Kabuki, un outil d’aide à la conception de rendu graphiques, permet de créer des groupes de propriétés graphiques afin de modifier ces propriétés en minimisant les interactions (Tabart et al., 2009). Certains groupes ne sont utiles que le temps de réaliser des opérations sur ses objets, c’est pourquoi Kabuki offre la possibilité de créer des groupes temporaires, ou transitoires (durant quelques secondes). Ces groupes de nature éphémère ne perdureront que le temps nécessaire pour réaliser ces opérations. Par ailleurs il est possible de transformer un groupe temporaire en groupe permanent et vice-versa à l’aide d’une interaction de glisser-déposer (Figure 18). Ces notions de groupes temporaires et permanents étendent la capacité d’action sur les groupes et facilitent la structuration d’une scène.

La sélection peut se voir comme un groupe éphémère, dans le sens où elle ne perdure que jusqu’à la prochaine sélection. Ce type de groupe est doté des fonctionnalités d’ajout et de retrait qui se font traditionnellement en maintenant la touche « shift » ou la touche « ctrl » du clavier et en cliquant sur les objets individuellement. Certains outils offrent la possibilité de créer des ensembles hétérogènes, mais limitent les opérations à des propriétés spécifiques, par exemple avec des translations, rotations, déformations : tous les éléments sont transformés selon la transformation spécifiée. Utiliser des groupes n’est alors pas plus compliqué qu’utiliser des objets individuels dès l’instant ou une même interaction peut s’appliquer sur l’un ou l’autre. En revanche dans certains

logiciels, d’autres opérations (par exemple, changer la couleur) peuvent ne pas être réalisées sur un groupe, vraisemblablement parce que l’opération ne peut pas s’appliquer à certains des éléments du groupe (l’opération est alors « grisée » pour indiquer qu’elle ne peut pas être utilisée). Ceci force l’utilisateur à dégrouper et à appliquer l’opération sur chacun des objets. Dans ce cas de figure, l’interaction avec la structure n’est pas bien intégrée avec l’interaction avec le contenu.

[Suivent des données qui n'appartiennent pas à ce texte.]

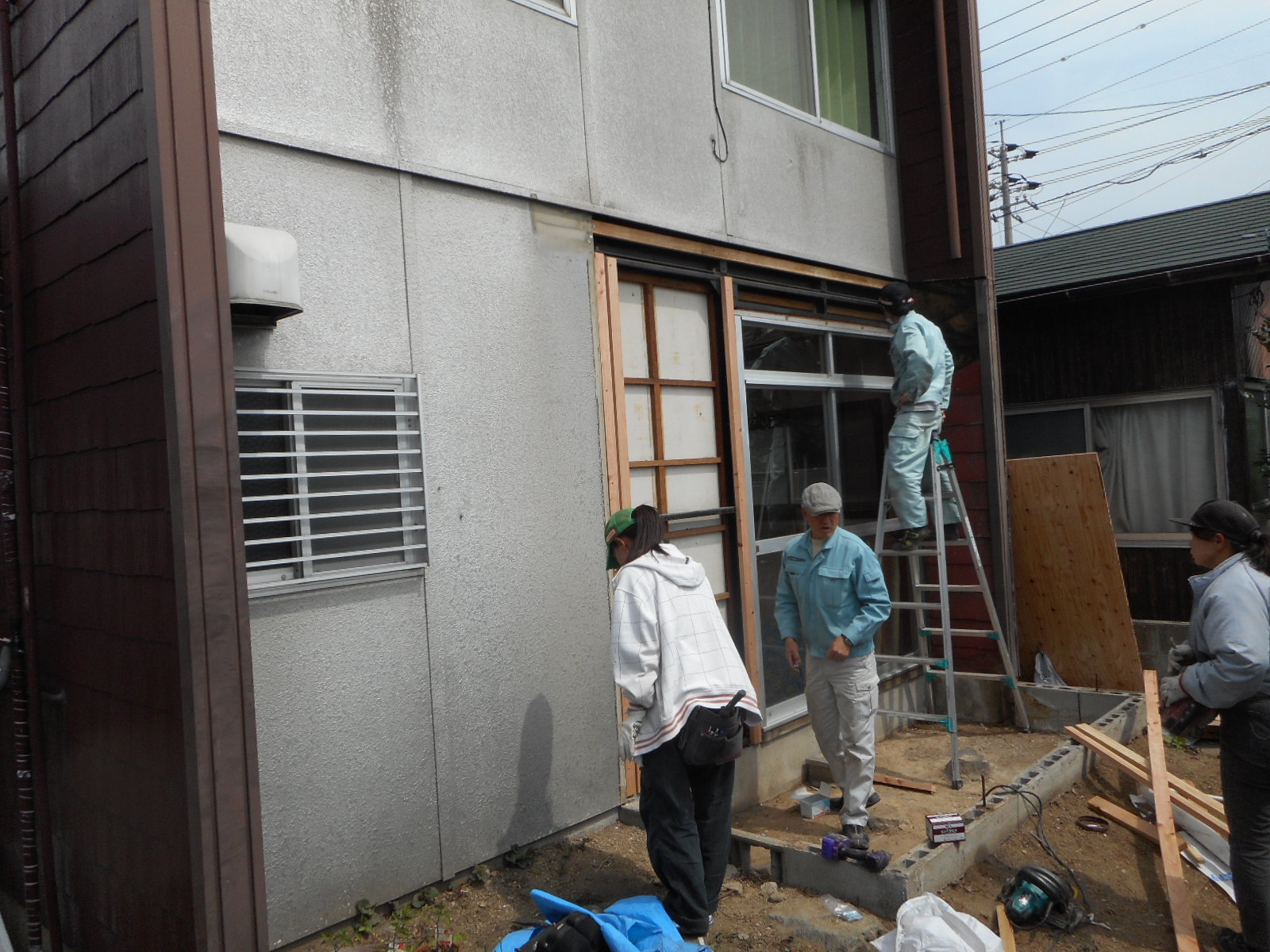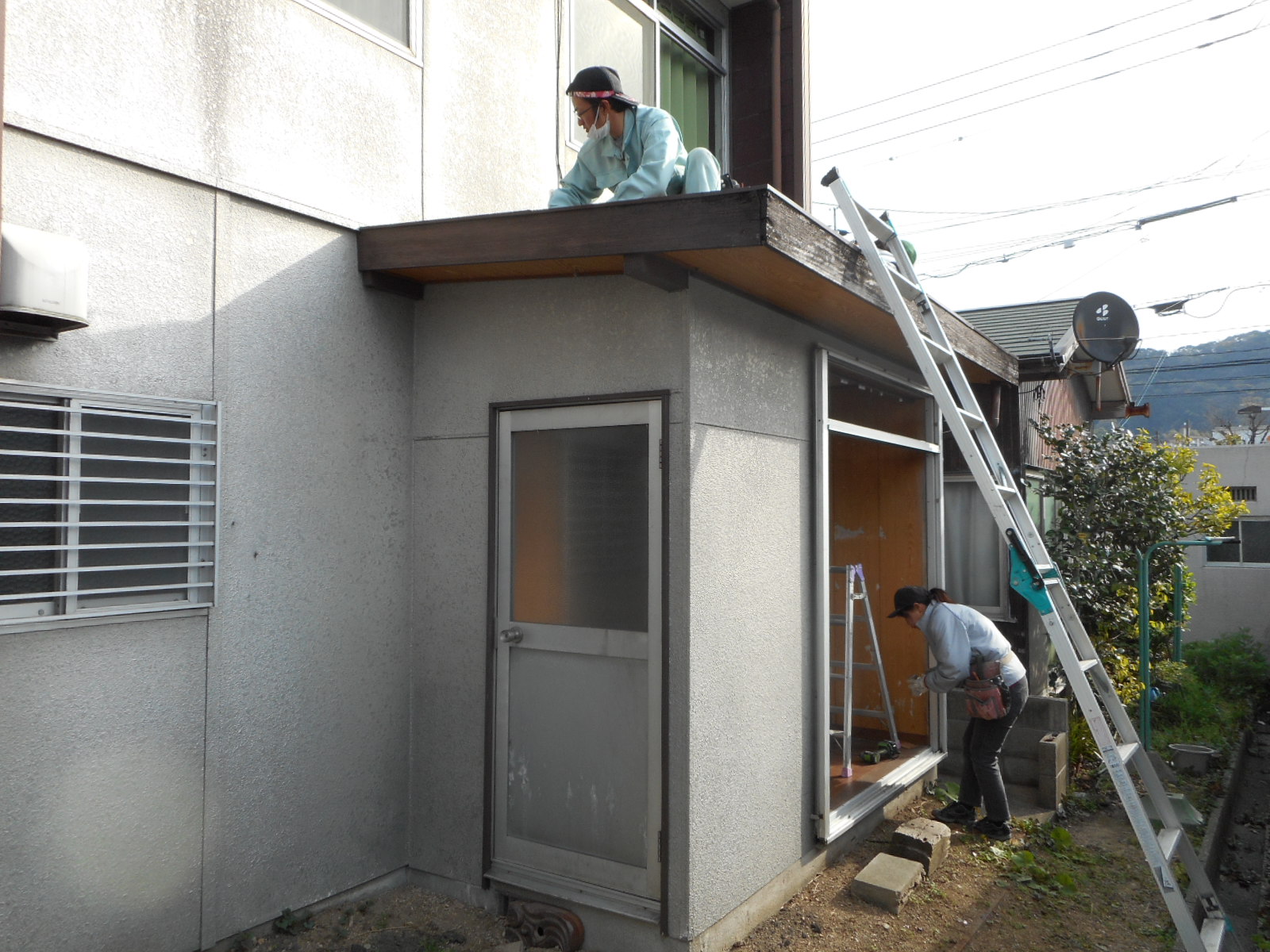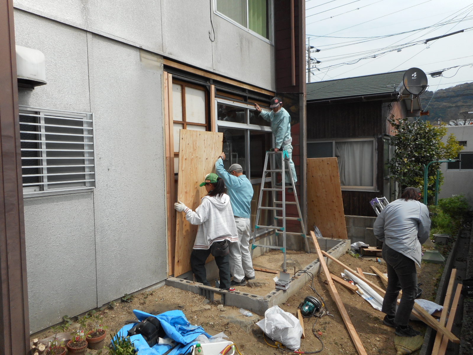 雨が降るといけないので、壁廻りの応急修理をします(下地コンパネを施工します)!!

Le concept de groupe est intéressant dans le sens où il résulte d’une combinaison de réification et de polymorphisme, tout en encourageant la réutilisation puisque cela induit une intention de travailler ultérieurement avec cet ensemble d’objets (Beaudouin-Lafon & Mackay, 2000). Dans CPN2000, un éditeur de réseaux de Petri ayant pour particularité de ne pas disposer de mécanisme de sélection (Beaudouin- Lafon et al., 2001), plusieurs aspects prennent avantage de la notion de groupe : les « folders » représentent des groupes de pages, les guides magnétiques forment des groupes d’objets selon des contraintes géométriques (Figure 19), et les styles des groupes d’objets partageant des propriétés graphiques.

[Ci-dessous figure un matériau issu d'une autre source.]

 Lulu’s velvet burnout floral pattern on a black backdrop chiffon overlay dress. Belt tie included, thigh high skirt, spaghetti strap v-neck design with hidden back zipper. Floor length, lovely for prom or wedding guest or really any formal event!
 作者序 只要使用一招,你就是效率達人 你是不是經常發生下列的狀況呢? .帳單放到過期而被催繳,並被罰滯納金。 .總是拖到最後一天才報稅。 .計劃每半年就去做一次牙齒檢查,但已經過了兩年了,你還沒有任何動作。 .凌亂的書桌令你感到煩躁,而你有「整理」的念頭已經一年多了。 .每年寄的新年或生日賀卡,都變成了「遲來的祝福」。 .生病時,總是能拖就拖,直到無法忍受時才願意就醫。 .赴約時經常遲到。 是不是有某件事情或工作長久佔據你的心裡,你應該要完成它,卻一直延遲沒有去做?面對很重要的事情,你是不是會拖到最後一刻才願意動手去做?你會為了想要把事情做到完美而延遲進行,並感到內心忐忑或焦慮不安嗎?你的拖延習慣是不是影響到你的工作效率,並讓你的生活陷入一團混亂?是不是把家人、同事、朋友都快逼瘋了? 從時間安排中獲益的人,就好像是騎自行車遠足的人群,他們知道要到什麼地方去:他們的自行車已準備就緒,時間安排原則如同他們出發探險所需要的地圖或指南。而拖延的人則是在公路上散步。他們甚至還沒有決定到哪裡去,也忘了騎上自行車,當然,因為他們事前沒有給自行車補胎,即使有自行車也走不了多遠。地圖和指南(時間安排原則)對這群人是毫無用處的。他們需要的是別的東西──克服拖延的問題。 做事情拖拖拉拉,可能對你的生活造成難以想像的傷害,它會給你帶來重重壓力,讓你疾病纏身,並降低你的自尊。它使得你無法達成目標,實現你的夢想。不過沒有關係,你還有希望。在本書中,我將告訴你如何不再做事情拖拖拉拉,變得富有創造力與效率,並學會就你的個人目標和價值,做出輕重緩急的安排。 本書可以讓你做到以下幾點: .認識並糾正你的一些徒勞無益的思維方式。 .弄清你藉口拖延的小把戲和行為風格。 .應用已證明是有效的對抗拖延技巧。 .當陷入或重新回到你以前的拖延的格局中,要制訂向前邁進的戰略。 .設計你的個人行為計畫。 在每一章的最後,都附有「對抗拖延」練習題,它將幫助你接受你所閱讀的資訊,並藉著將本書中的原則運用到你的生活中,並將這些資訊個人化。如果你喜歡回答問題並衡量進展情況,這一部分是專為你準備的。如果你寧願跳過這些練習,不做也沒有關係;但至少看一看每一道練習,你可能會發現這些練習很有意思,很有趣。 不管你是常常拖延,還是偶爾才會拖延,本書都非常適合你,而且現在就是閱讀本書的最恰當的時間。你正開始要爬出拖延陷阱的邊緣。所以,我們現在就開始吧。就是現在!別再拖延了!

Figure 19. Exemple d’interface utilisant les guides magnétiques. Le cercle bleu déplacé par la souris est attiré par le guide magnétique vertical à proximité. Une opération peut être appliquée à un guide afin de modifier tous les objets attachés, par exemple, la couleur magenta a été donnée au

Des groupes peuvent être inclus dans d’autres groupes, créant ainsi des arbres ou des hiérarchies. Il n’y a cependant que très peu de support à la gestion de ces hiérarchies, à la navigation dans la hiérarchie de parents (Maloney & Smith, 1995) et aux structures arborescentes dans les éditeurs graphiques (tels que Inkscape or Illustrator). Une « treeview » permet à l’utilisateur de rétablir des liens de parenté entre éléments avec du glisser-déposer, cependant d’autres opérations ne sont pas autorisées, comme appliquer une couleur à un nœud afin de changer tous les fils.